2. Outdoor sports haven’t led to mass outbreaks. But indoor sports? We don’t know yet.
The NBA is trying to figure out how to conduct its next regular season at teams’ home arenas, likely trying to follow many of MLB’s and NFL’s protocols. But no one has played an indoor sport yet outside the bubble environment. Will that lead to mass spread? After all, it’s starting to get cold outside. Look for college basketball, which begins its season the day before Thanksgiving (likely weeks before the NBA) to be an earlier indicator. Indoor virus transmission is obviously a different animal than outdoor transmission, and there’s little reason to think this disparity wouldn’t show up in sports. It is also worth noting that we also do not know if there will be fans in the stands, either in professional or collegiate basketball. But if the laissez-faire attitude in football is any indication. don’t be surprised to see some schools try. Speaking of which …

3. Fans in the stands haven’t led to any big problems so far. Can it stay that way?
I wrote last week about how teams and leagues are starting to push forward on putting spectators in seats. This hasn’t led to any mass outbreaks so far, and more people are slowly being allowed in (though no one has taken DeSantis up on his offer yet). But the odds of the virus spreading at an event obviously increase the more people are there, and indoor crowds are a far different proposition than outdoor ones. What happens if the streak ends?

4. Are we sure we should be doing this at all?

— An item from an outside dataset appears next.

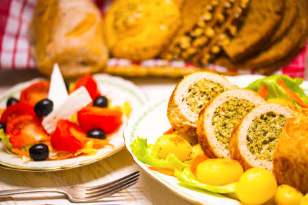A table with food served with dishes for guests.

There is a school of thought among some public officials and disease specialists that because Americans are starting to fool themselves into thinking things are slowly getting back to normal, they’re more easily susceptible to the kind of shutdown fatigue that has helped lead to a recent surge in cases. As much therapeutic value as sports might have to a psychologically worn-down populace — I know it has had plenty of therapeutic value to a psychologically worn-down me — there is an argument than the “normalcy” of having them back has led to that lowering of the guard. If they can play the World Series, why can’t I go out to eat? Why can’t my kid go back to school? Why can’t I host Thanksgiving? Sports can provide uplift, it has provided an uplift, but it is possible that uplift comes at a cost. Yes, leagues are making it through their seasons without major incident or cancellation. But it doesn’t just end with them, does it? They take place in society, and reflect it. When the president pushed for sports to return, that was his reasoning: to make people feel like things were okay, that the coronavirus was under control when it obviously wasn’t. We don’t know how many people took risks they shouldn’t have, and will take risks they shouldn’t, because sports were back and running. But the answer surely isn’t zero, is it?

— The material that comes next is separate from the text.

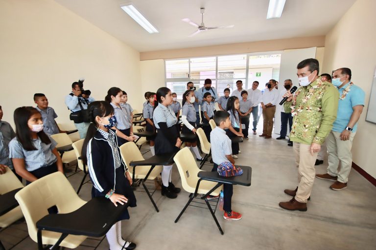En el municipio de Chiapa de Corzo, el gobernador Rutilio Escandón Cadenas inauguró cuatro aulas en la Escuela Primaria “Niños Héroes de Chapultepec”, donde garantizó que se trabaja para que nada haga falta a fin de que la niñez y la juventud puedan sacar adelante sus aspiraciones de desarrollo y progreso a través de la educación.

That doesn’t mean sports shouldn’t have come back; there were many reasons, not all of them financial, for leagues to return. But it certainly worth asking what future generations will think when they look back at 2020 and wonder, with all the carnage, how in the world sports kept going as schools were shuttered, restaurants and bars were going out of business, and millions of people lost their jobs. Of course, maybe sports have earned the right: After all, professional basketball, football, and baseball have clearly taken the virus more seriously than our federal government and much of our society. If we’d all have taken the steps sports have, maybe we’d all be back too.